The King Island Scrubtit and the King Island Brown Thornbill have the dubious distinction of being considered the first and third most likely birds to go extinct in the next 20 years.

Yet the only reason we know the status of the scrubtit and the thornbill is the diligent efforts of volunteers.

Read more: Just ten MPs represent more than 600 threatened species in their electorates

For 15 years, the Threatened Species Committee has quietly summarised the plight of Australia’s most endangered birds, feeding the information to government, including the most recent report on those species most likely to go extinct in the coming two decades.

Experts in conservation management, specialist bird researchers, dedicated birders, and passionate local landholders all give their time freely to monitor endangered species. This is not outsourcing by the government: this is unpaid work by dedicated Australians stepping up.

King Island crisis

For these two King Island species, the most current information came from surveys conducted by specialist ornithologists, who funded the surveys themselves. In surveys completed this year, a handful of scrubtit were found in just three locations. The thornbill wasn’t found at all.

Follow-up surveys at these sites throughout King Island were carried out as part of the Wings on King initiative, with local landholders and visiting birders teaming up to tally records.

Like most of southern Australia, the native vegetation of King Island has been extensively cleared. This clearing is ongoing, and slated changes to Tasmanian planning laws would allow farmers to remove up to 40 hectares per year. link source for slated changes to planning laws

A key driver of this process is the influx of beef producers to the island, attracted by King Island’s rich soils and reliable rainfalls. Large operators are moving from Queensland and buying up prime grazing land, changing the way the land is used.

Many of these changes are bad news for local wildlife. Shelterbelts and remnant forests are making way for grass to feed ever more beef cattle.

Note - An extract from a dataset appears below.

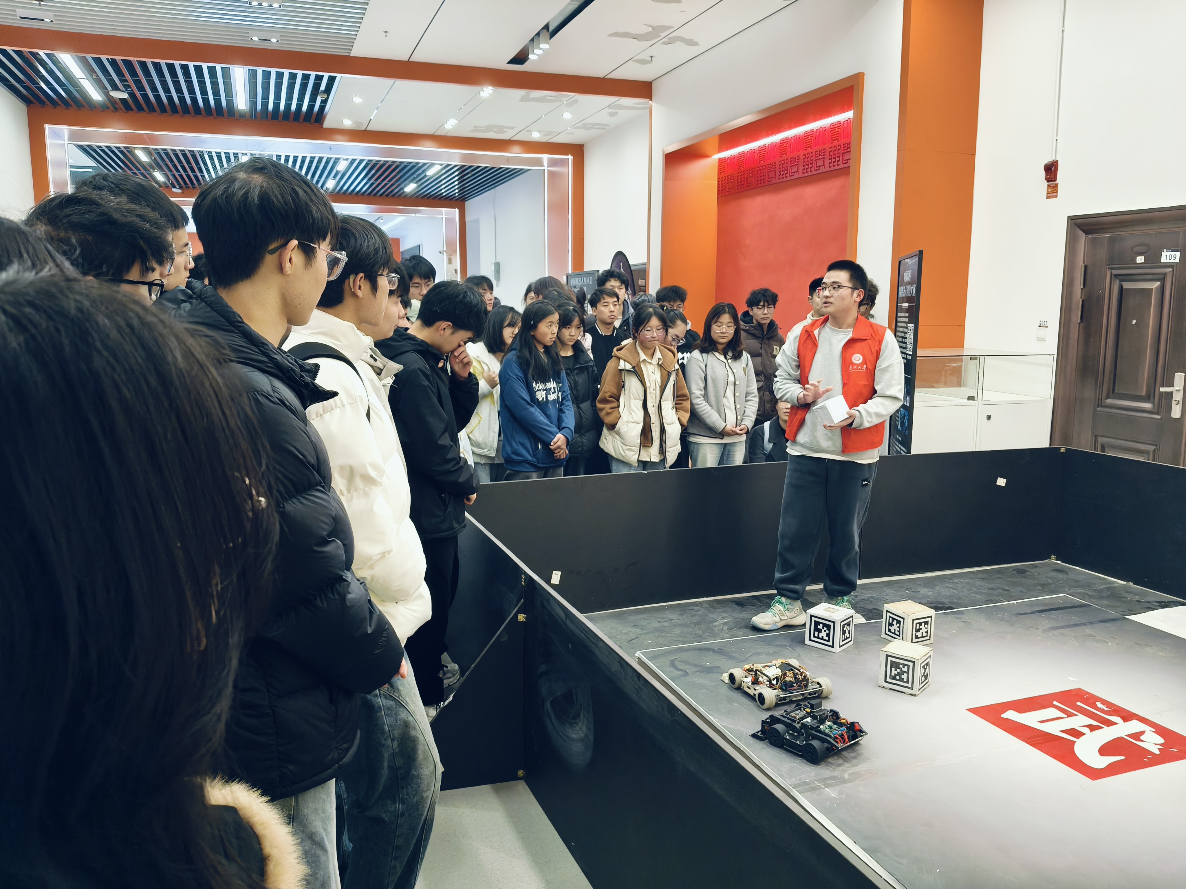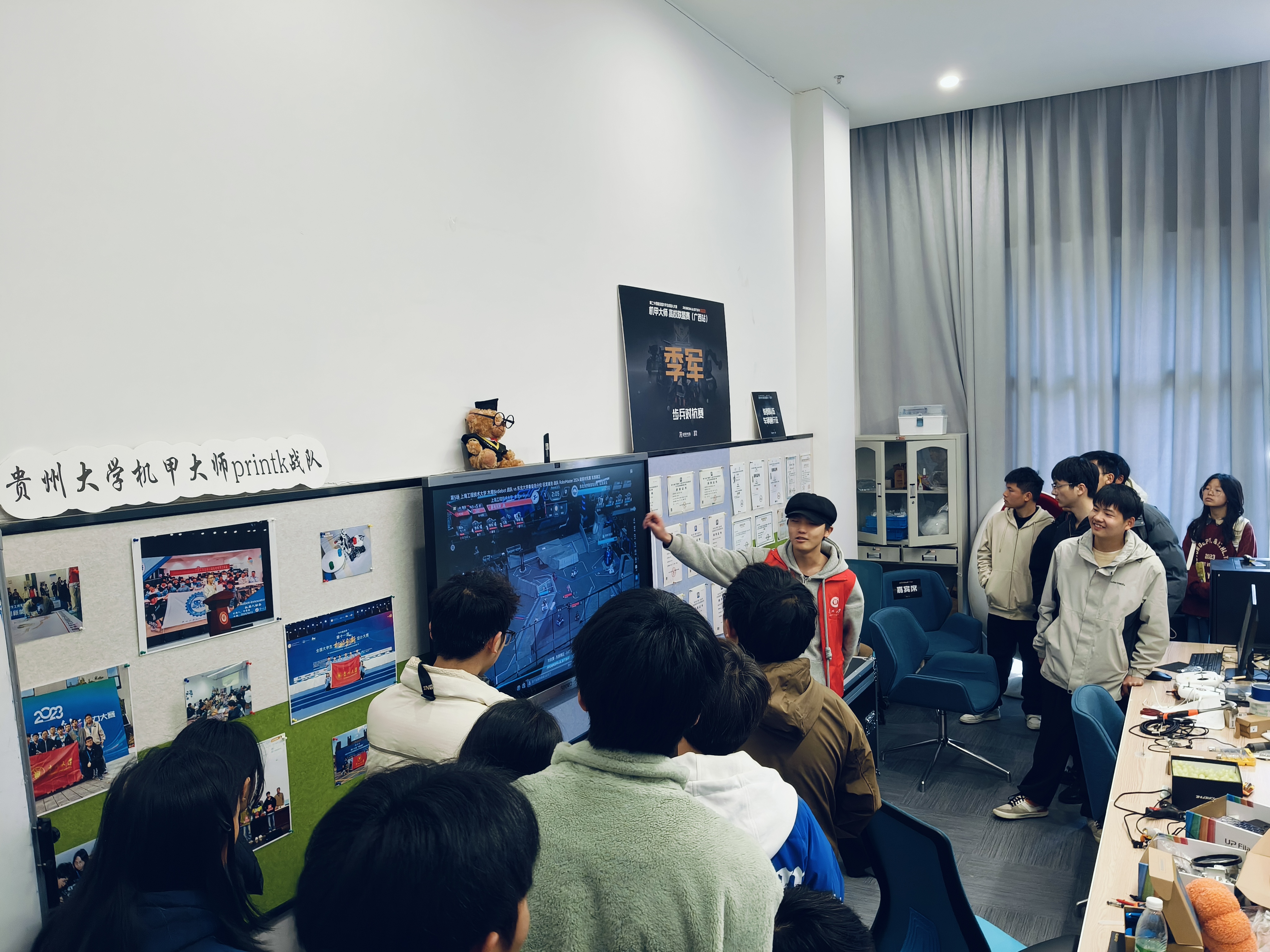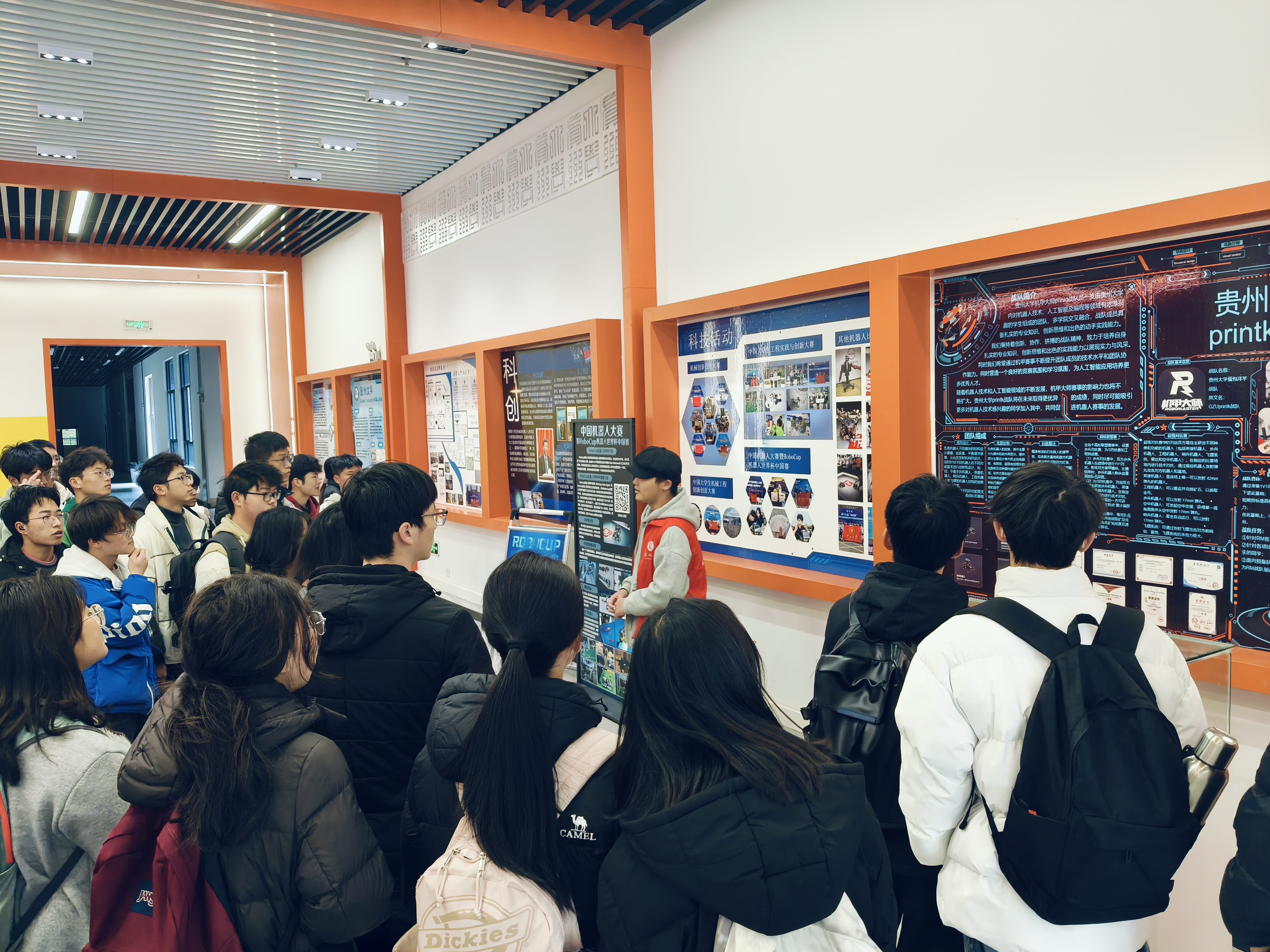 正式介紹優(yōu)秀作品前,馭想俱樂部負(fù)責(zé)人楊春白雪向同學(xué)們介紹習(xí)近平總書記給中國國際大學(xué)生創(chuàng)新大賽參賽學(xué)生代表回信內(nèi)容。隨后楊春白雪和機(jī)器人社團(tuán)負(fù)責(zé)人田景怡分別對兩個科創(chuàng)社團(tuán)進(jìn)行了介紹并對相關(guān)賽事進(jìn)行解讀,還向大家展示了貴州大學(xué)代表隊的獲獎作品。在參觀robomaster工作室時,獎杯墻令人震撼。同學(xué)們表示一個個獎杯背后的故事更令人欽佩,激勵機(jī)械青年守正創(chuàng)新,再創(chuàng)佳績。

This is alarming enough for the scrubtits, for which we at least have some baseline population data and knowledge of habitat requirements. It may be even worse for the thornbill – but we can’t be sure because we know so little about its habitat requirements or key locations.

Fire is another major threat. Uncontrolled bushfires razed almost quarter of the island in 2007, decimating the Melaleuca Swamp forest at Nook Swamp, the last stronghold for the scrubtits. Only fragments of the swamp remain. This fire also exacerbated acid sulfate soils in unburned habitats, compromising regeneration in the wetland.

Shedding staff

Yet despite these mounting challenges, the federal Department of Environment is shedding vital staff. Just last month the loss of 60 positions from the biodiversity division was announced, representing a third of the people charged with overseeing monitoring of our threatened species.

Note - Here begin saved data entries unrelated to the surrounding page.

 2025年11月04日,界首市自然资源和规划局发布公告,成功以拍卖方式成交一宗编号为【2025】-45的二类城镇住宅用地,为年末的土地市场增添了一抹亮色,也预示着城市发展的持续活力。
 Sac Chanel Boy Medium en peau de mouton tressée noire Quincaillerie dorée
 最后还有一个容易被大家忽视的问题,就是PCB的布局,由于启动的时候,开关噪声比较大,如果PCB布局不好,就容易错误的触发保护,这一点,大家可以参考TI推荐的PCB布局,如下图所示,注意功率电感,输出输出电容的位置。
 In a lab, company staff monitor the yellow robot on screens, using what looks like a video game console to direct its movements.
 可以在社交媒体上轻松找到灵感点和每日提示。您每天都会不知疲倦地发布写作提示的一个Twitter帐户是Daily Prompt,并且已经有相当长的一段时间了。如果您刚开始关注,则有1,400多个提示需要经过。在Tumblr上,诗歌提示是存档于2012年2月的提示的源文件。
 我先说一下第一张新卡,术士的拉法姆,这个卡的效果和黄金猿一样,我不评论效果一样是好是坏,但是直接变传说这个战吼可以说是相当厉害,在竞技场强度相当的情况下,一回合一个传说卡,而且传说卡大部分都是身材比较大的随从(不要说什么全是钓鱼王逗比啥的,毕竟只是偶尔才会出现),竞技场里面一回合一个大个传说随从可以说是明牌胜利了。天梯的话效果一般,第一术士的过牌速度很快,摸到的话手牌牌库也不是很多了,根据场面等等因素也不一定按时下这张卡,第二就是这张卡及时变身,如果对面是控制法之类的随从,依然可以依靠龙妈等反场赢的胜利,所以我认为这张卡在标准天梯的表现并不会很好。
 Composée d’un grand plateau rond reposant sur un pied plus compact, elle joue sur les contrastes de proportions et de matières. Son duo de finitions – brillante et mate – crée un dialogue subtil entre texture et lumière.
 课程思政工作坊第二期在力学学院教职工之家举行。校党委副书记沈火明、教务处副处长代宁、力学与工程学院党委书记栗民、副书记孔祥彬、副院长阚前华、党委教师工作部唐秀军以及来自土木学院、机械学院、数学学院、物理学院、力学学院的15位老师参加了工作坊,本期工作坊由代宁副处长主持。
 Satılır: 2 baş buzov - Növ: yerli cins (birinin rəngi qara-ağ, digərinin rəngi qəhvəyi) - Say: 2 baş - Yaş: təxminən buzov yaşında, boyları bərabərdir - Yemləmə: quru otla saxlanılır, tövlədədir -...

Tasmania, despite being home to more than 600 threatened species, has a threatened species section of effectively two full-time positions (one of which is not currently filled). They have an annual budget of about A$5,000, or roughly A$7.14 per species).

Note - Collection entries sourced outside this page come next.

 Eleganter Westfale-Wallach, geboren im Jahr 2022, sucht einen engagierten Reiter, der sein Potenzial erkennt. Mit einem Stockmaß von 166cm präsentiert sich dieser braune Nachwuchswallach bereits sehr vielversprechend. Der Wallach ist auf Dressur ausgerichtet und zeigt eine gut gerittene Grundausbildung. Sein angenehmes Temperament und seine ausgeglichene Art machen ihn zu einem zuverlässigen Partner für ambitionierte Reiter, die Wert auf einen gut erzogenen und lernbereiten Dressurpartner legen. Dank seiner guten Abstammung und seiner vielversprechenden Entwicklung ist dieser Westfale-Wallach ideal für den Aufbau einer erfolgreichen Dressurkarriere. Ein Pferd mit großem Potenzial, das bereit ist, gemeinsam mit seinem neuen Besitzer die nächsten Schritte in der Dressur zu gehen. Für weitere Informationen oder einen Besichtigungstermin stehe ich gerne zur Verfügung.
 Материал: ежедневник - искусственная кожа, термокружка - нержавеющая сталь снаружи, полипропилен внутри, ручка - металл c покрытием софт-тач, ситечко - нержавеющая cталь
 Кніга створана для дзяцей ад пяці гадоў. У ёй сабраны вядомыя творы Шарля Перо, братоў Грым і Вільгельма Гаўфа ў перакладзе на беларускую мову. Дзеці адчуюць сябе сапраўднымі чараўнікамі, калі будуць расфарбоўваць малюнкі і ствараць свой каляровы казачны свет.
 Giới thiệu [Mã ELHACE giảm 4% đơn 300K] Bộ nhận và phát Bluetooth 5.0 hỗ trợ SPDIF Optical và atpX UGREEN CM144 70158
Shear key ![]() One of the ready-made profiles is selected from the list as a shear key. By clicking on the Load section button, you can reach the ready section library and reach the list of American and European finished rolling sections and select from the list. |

This abrogation of biodiversity monitoring and basic conservation management is not new. State and federal departments have been losing capacity for decades.

The embedded research units within these agencies are all but gone, and any long-term monitoring is conducted either with external funds or through dedicated individuals nearing retirement. Entire national parks have been handed over to NGOs to manage, like Pilliga and Mallee Cliffs National Parks in New South Wales. NGOs now manage an estate many times larger than our national parks. source?

Federal funding has shrunk dramatically, with researchers increasingly reliant on philanthropic trusts, mining offsets, and crowdfunding campaigns to cover the costs of last-ditch interventions.

Another way

You don’t have to look very far to find alternatives. New Zealand has just announced a major increase in investment in endangered species funding, $181.6 million in additional funds for conservation initiatives over the next four years. NZ or AU dollars?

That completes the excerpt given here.